The great tease Vientos gave the Mets after a monstrous 2024 season continues to creep into our minds at any sign of promise. Despite some woeful stretches this year, his average never dipped below .222 and it’s comfortably at .241 on the year.
He has notably (and noticeably) become a more complete hitter. A strikeout rate of 20.4% actually has him around league average. His Baseball Savant Page lights up with red for everything but the swing-and-miss stuff his bat can’t seem to shake. If this is what Vientos is, the Mets can live with it.
Let’s now forget who Mark Vientos was always supposed to be
Never a top 100 prospect on any of the major lists, Vientos managed to get lumped in there with Francisco Alvarez, Brett Baty, and Ronny Mauricio due to timing. Often in the 5-10 range within the organization itself, Vientos putting together the best full season of any of them is what keeps us coming back.
The bare minimum of what the Mets want out of him is being met with predictors telling us he has been unlucky at times. Mashing lefties to the tune of .304/.333/.522, Vientos is an early outlier for a Mets team that struggles against southpaws.
With an expected slugging percentage in the 94th percentile, Vientos is well short of being among the top 6% sluggers in Major League Baseball. He also happens to have a batting average expected to be .287 based on the quality of his bat-to-ball results minus the reality of the balls actually falling in.
For some comparison, he was expected to hit .241 in 2024 with a .470 slugging percentage in 2026. A year that appears to be more luck than talent, the exact opposite has happened early on this year.
Ultimately, it’s the statistics and not predictors we care about most.
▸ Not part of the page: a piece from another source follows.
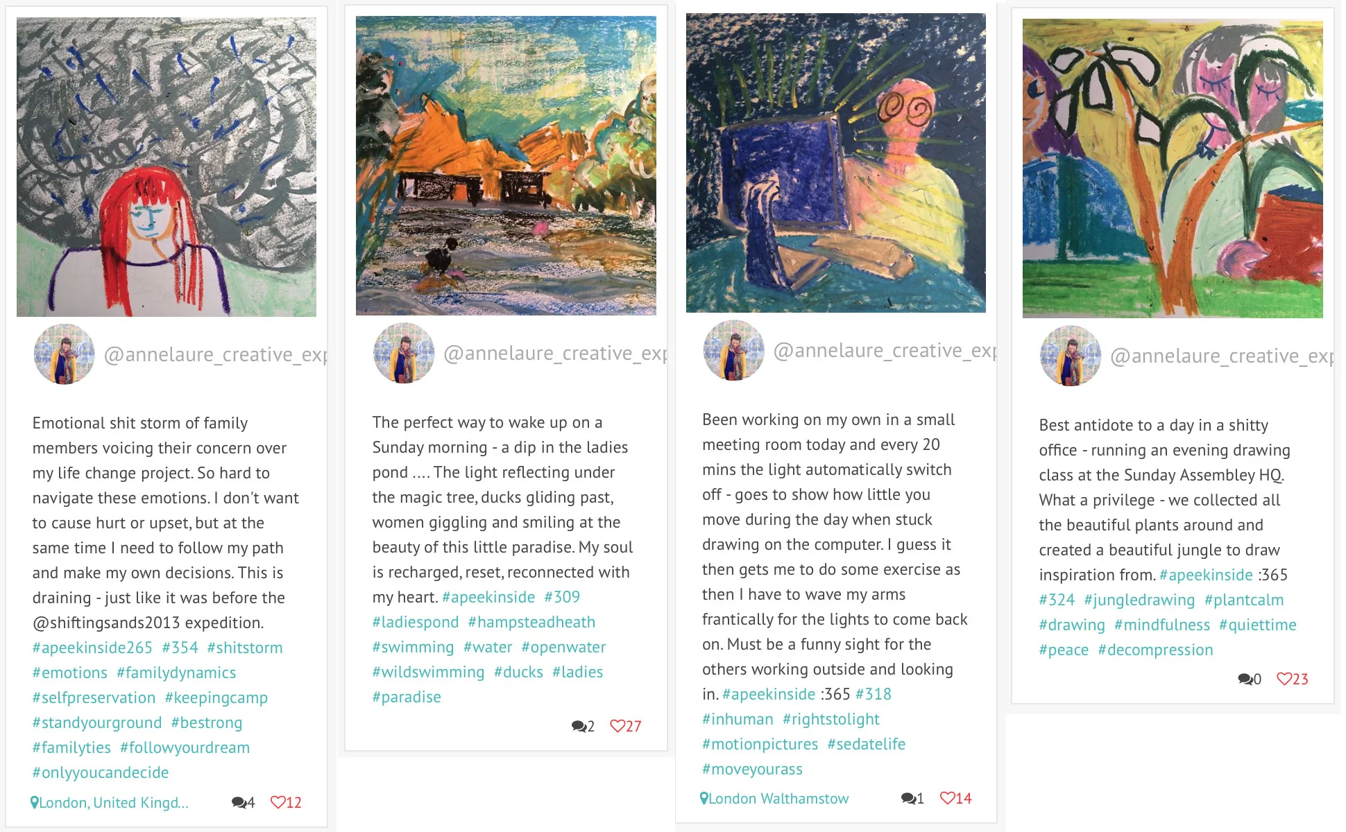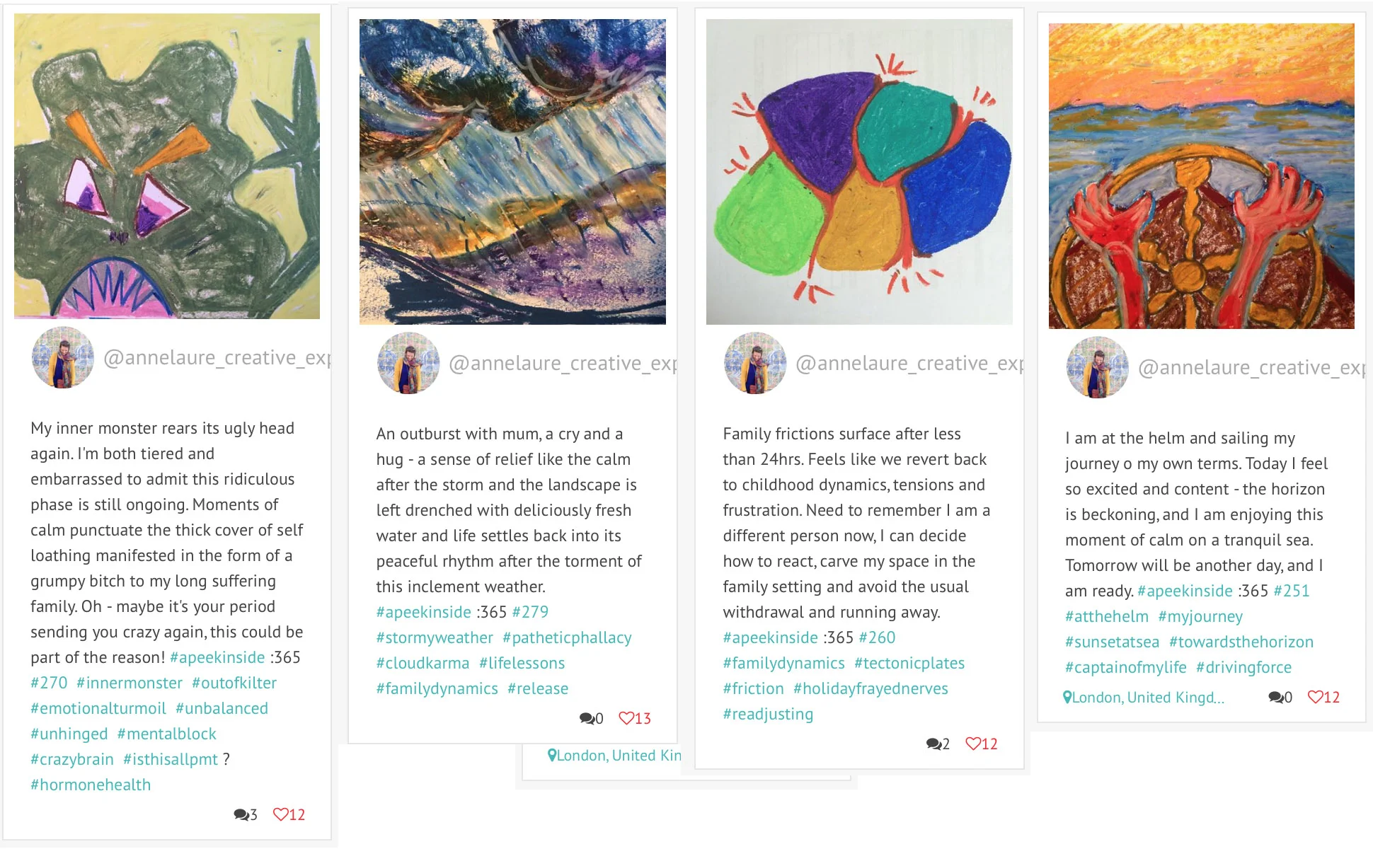 365 days of a visual diary, baring all, how I feel. I hope this helps others realise they are not alone - that its ok to talk about, in fact the more we all share our experiences the better we can protect our mental health.

If this is who Vientos is and will be, it’s livable.
The Mets are batting Vientos in the middle of their order when he probably should be more fifth or sixth on a truly competitive team. Pushed into the cleanup spot at the moment, he has handled himself with a big game in each of the last three series. That trend, a big hit once per series, is more than acceptable. It’s far better than the guy who hits his solo home runs in blowout wins or losses late.
Clutch isn’t the appropriate word to describe the year Vientos is having and the numbers back it up. He’s somewhere in between a question mark and an exclamation point. A three-run home run to make a 4-3 lead more unattainable for the opponent might not feel clutch, but it’s a cousin.
Vientos may never be another Pete Alonso (gasp!). As a number six hitter with power and hitter who can put fear in the hearts of lefty pitchers, he's more than acceptable.